+++ Provided data +++

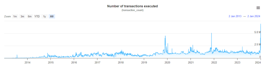 Analyzing on-chain metrics becomes crucial in assessing the potential future price volatility of XRP. According to xrpscan data, the number of executed XRP transactions reached an unprecedented peak, surpassing almost 7 million on December 31 and maintaining high levels at 6.9 million the following day.
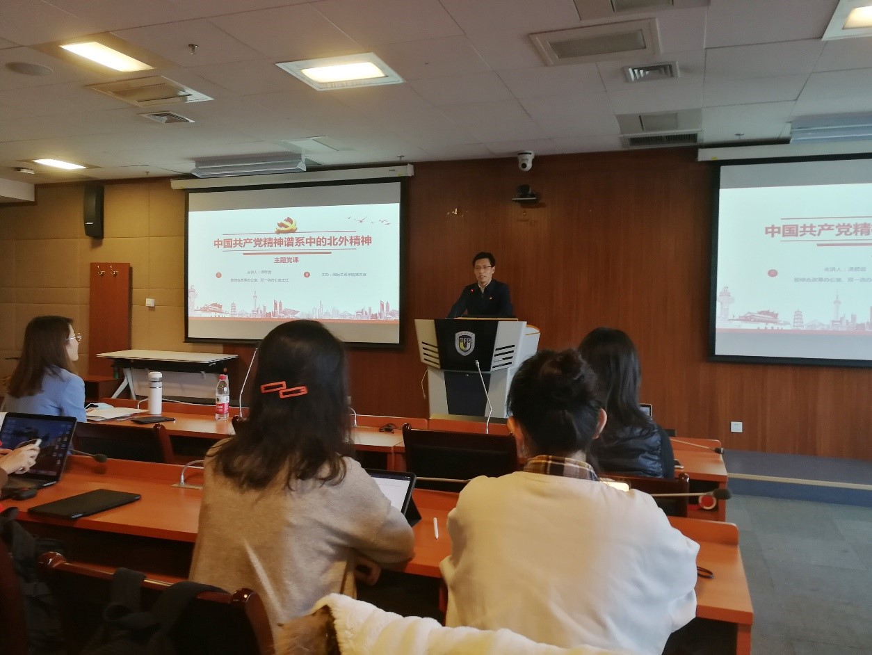 为贯彻落实党的十九届六中全会精神,深入学习习近平总书记给北外老教授回信精神,加强学生党员党性修养,12月22日下午,UED体育党总支邀请北京外国语大学综合改革办公室、双一流办公室主任汤哲远老师讲授党课,主题为“中国共产党精神谱系中的北外精神”。党课由国关辅导员、学生第二党支部书记钱梦婷老师主持,UED体育学生第一党支部、第二党支部党员及预备党员同学们参加了党课。
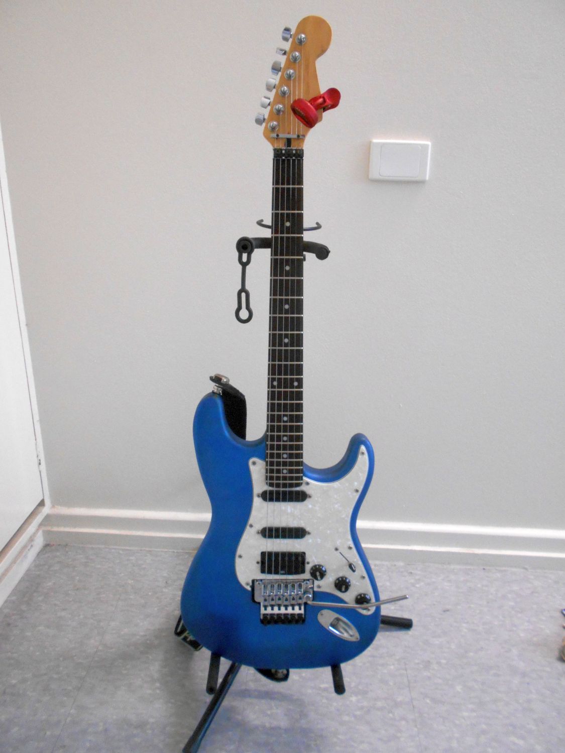 So, I went to the Pro Music shop here in Darwin to buy some more strings and bought a 3 pack of DÁddario 42-09 gauge strings (my usual gauge for strat style guitars), and proceeded to give my Hot Rod strat a good setup after installing the new strings, after playing the Hot Rod strat through my Marshall amp for a couple of hours, or so it seemed, I was a happy chappy, the guitar really sounds like it has come alive, it sounds big and fat, but still has the Strat sound, the pickups all seem to work much better now that I have the INF4 humbucker installed in the bridge position, and yes it is even staying in tune now, I only had to tweak one of the fine tuners a small amount, nowhere near as much tweaking as I had to do before, it even does the gargle effect if I flick the trem arm, I also realized that I was going about the process of tuning-up a Floyd equipped guitar all wrong too, you tune the guitar as close to in-tune as you can get it, once that's done you put the string-locks on, but don't do them up too tight, after that you simply use the fine-tuners to fine-tune the guitar's tuning and that's it, so consider myself re-educated.

+++

Exercise directions ->
Leave out the images and repeat the rest of the data word for word.

Exercise solution ->
 Analyzing on-chain metrics becomes crucial in assessing the potential future price volatility of XRP. According to xrpscan data, the number of executed XRP transactions reached an unprecedented peak, surpassing almost 7 million on December 31 and maintaining high levels at 6.9 million the following day.
 为贯彻落实党的十九届六中全会精神,深入学习习近平总书记给北外老教授回信精神,加强学生党员党性修养,12月22日下午,UED体育党总支邀请北京外国语大学综合改革办公室、双一流办公室主任汤哲远老师讲授党课,主题为“中国共产党精神谱系中的北外精神”。党课由国关辅导员、学生第二党支部书记钱梦婷老师主持,UED体育学生第一党支部、第二党支部党员及预备党员同学们参加了党课。
 So, I went to the Pro Music shop here in Darwin to buy some more strings and bought a 3 pack of DÁddario 42-09 gauge strings (my usual gauge for strat style guitars), and proceeded to give my Hot Rod strat a good setup after installing the new strings, after playing the Hot Rod strat through my Marshall amp for a couple of hours, or so it seemed, I was a happy chappy, the guitar really sounds like it has come alive, it sounds big and fat, but still has the Strat sound, the pickups all seem to work much better now that I have the INF4 humbucker installed in the bridge position, and yes it is even staying in tune now, I only had to tweak one of the fine tuners a small amount, nowhere near as much tweaking as I had to do before, it even does the gargle effect if I flick the trem arm, I also realized that I was going about the process of tuning-up a Floyd equipped guitar all wrong too, you tune the guitar as close to in-tune as you can get it, once that's done you put the string-locks on, but don't do them up too tight, after that you simply use the fine-tuners to fine-tune the guitar's tuning and that's it, so consider myself re-educated.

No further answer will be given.